Farwa Sajadi
Conference 2023 Presentation
Project title
The roles of ITP and ITP-L in the female mosquito, Aedes aegypti
Authors and Affiliations
Farwa Sajadi1, Jean-Paul Paluzzi1
1. Department of Biology, York University, Toronto, Canada
Abstract
Background
The insect ion transport peptide (ITP) and its alternatively spliced variant, ITP-like (ITP-L) belong to the crustacean hyperglycemic hormone family of peptides and are widely conserved among insect species. While limited, various studies have characterized the ITP/ITP-L signaling systems within many insects, and putative functions including regulation of ion and fluid transport, ovarian maturation, and thirst/excretion have been proposed. However, to date, the expression pattern, tissue distribution, and physiological function of either ITP or ITP-L has not been elucidated in the mosquito, Aedes aegypti. Herein, we aim to molecularly investigate ITP and ITP-L expression profiles in A. aegypti, and examine peptide immunolocalization and distribution within adult tissues.
Methods
To examine a temporal and spatial profile of ITP and ITP-L, mRNA transcript levels were measured using quantitative-PCR. Wholemount immunohistochemistry was used to localize both ITP and ITP-L to the central nervous system of the adult mosquito. Lastly, to investigate a putative role in feeding and starvation, adult mosquitoes were isolated post-emergence and placed into a sucrose-fed, non-fed, or water-fed treatment, and were subsequently collected after 24 or 48h and mRNA transcript levels were measured. Additionally, female mosquitoes were allowed to blood feed, and isolated after 1, 6, 12, or 24 hours post-blood-feeding, and mRNA transcript levels of ITP and ITP-L were measured.
Results
Thus far, transcript expression profiles of both ITP and ITP-L reveal enrichment in males, with ITP exclusively expressed in the brain, and ITP-L expressed predominantly in the abdominal ganglia. Using immunohistochemistry, the central nervous system from adult mosquitoes revealed ITP-like immunostaining in one pair of lateral neurosecretory cells in the posterior region of each brain hemisphere.
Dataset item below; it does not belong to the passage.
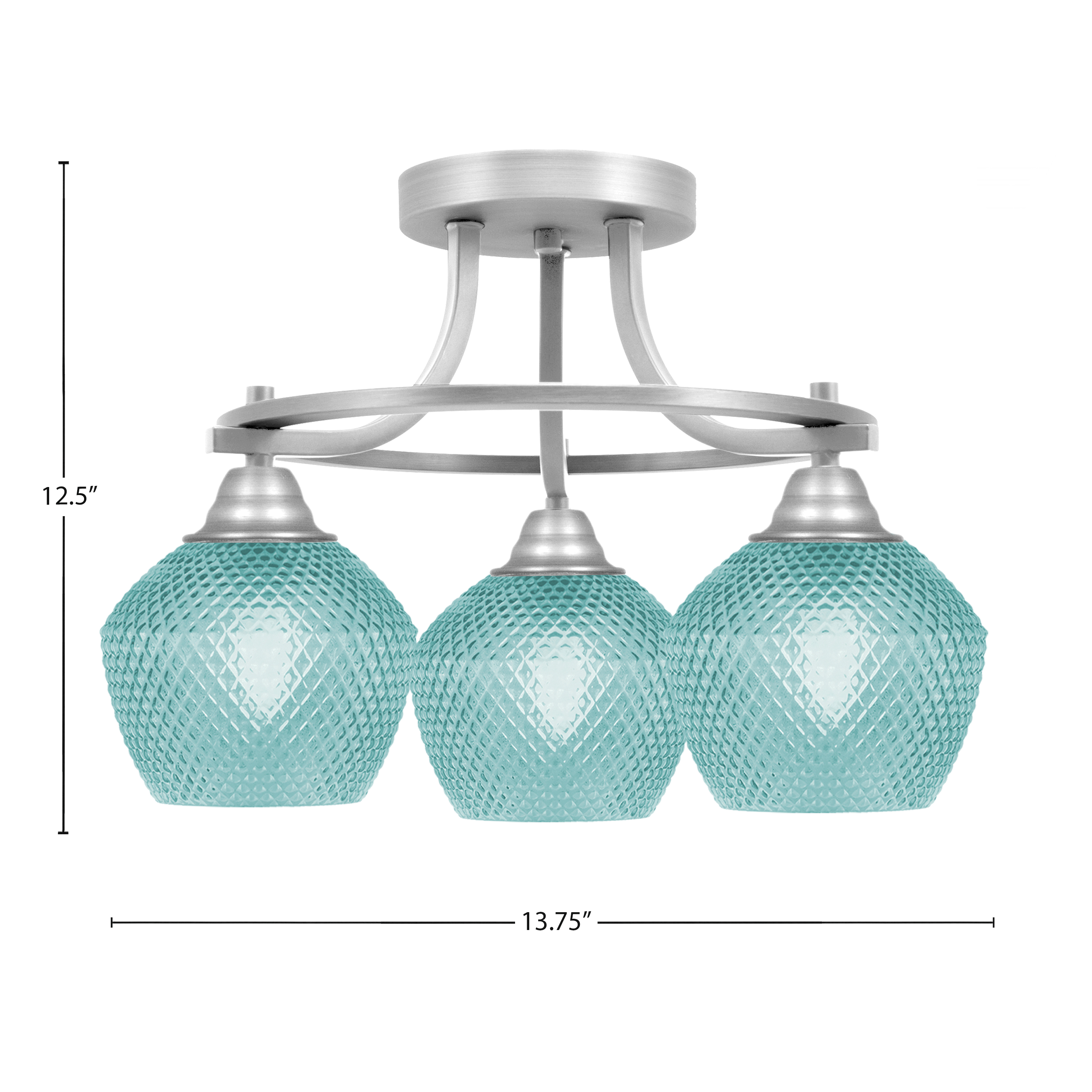 Toltec Lighting 3417-BN-4625 Paramount 3 Light Semi Flush, Brushed Nickel Finish, 6″ Turquoise Textured Glass

ITP-L-like immunostaining was observed in one neurosecretory cell located medioposteriorly and ventrally on each abdominal ganglia, with nerve processes migrating anteriorly from the neurosecretory cell and emanating laterally through projections to potential putative neurohaemal sites. Lastly, both starvation and blood-feeding caused upregulation of ITP and ITP-L mRNA in adult mosquitoes, suggesting possible functional roles in ionoregulation.
Conclusions
These findings demonstrate the localization of ITP and ITP-L to the central nervous system of the mosquito with potential roles in bloodfeeding and/or reproduction. Gaining a more comprehensive understanding of these pathways and signalling systems can allow us to further unravel the complex neuropeptidergic regulation in the A. aegypti mosquito.